Dolmayan uses Yamaha Drums and hardware, Paiste cymbals, Evans Drumheads, LP percussion and his signature Vic Firth drumsticks.
- Drums – Yamaha Absolute Hybrid Maple
  - 10"×8" Rack Tom
  - 12"×9" Rack Tom
  - 13"x10" Rack Tom
  - 16"×14" Floor Tom
  - 18"×16" Floor Tom
  - 22"×18" Bass Drum
  - 14"×6" John Dolmayan Signature Snare
- Cymbals – Paiste
  - Traditionals 22" Medium Light Swish
  - RUDE 14" Hi-Hat
  - 2002 6" Bell Chime
  - Signature 18" Fast Crash
  - Signature 10" Splash
  - Signature 8" Splash
  - RUDE 14" Hi-Hat
  - Signature 19" Full Crash
  - RUDE 24" Mega Power Ride
  - 2002 24" Big Ride
  - 2002 19" Wild China
- Sticks – Vic Firth
  - John Dolmayan Signature 16" length, .580" diameter

In the early 2000s, Dolmayan, an avid comic book collector and vendor since childhood, commissioned a group of notable comics artists to create artwork for the drum kit he used.

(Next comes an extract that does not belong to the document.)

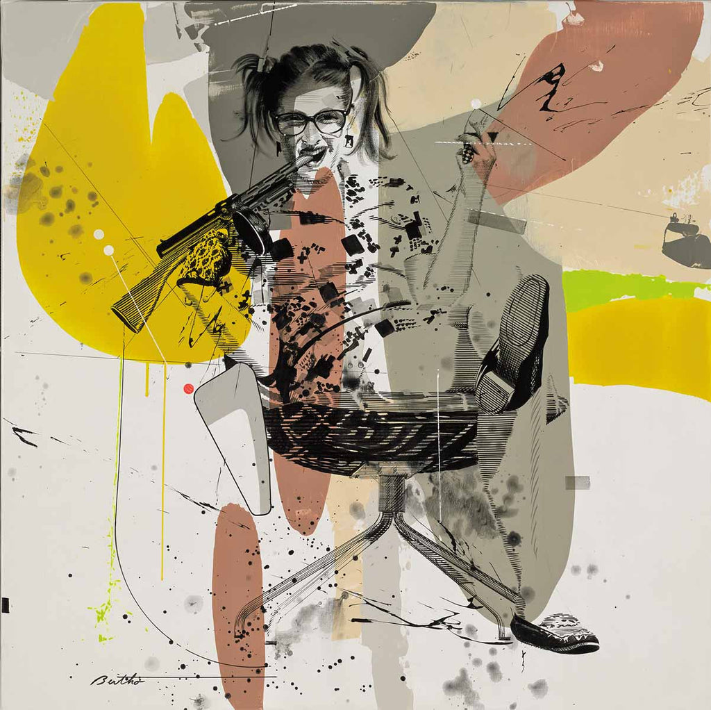 "Très Smash" is an acrylic on canvas painting created by Philippe Bertho in 2014. The artwork is signed 'Bertho' lower left. The canvas size is 27.5 x 27.5". The artwork ships framed. Please contact the gallery regarding available frame options.

He had Arthur Adams illustrate a scene of giant women fighting robots and Godzilla; Simon Bisley illustrated the Hulk and Thing; Kevin Eastman provided illustration of the Teenage Mutant Ninja Turtles; and Tim Vigil depicted a sexually explicit scene of demons engaged in a sex act.

==Awards==
- In 2006, Dolmayan won Drum! Magazines drummer of the year award. He also won the alternative rock drummer of the year award.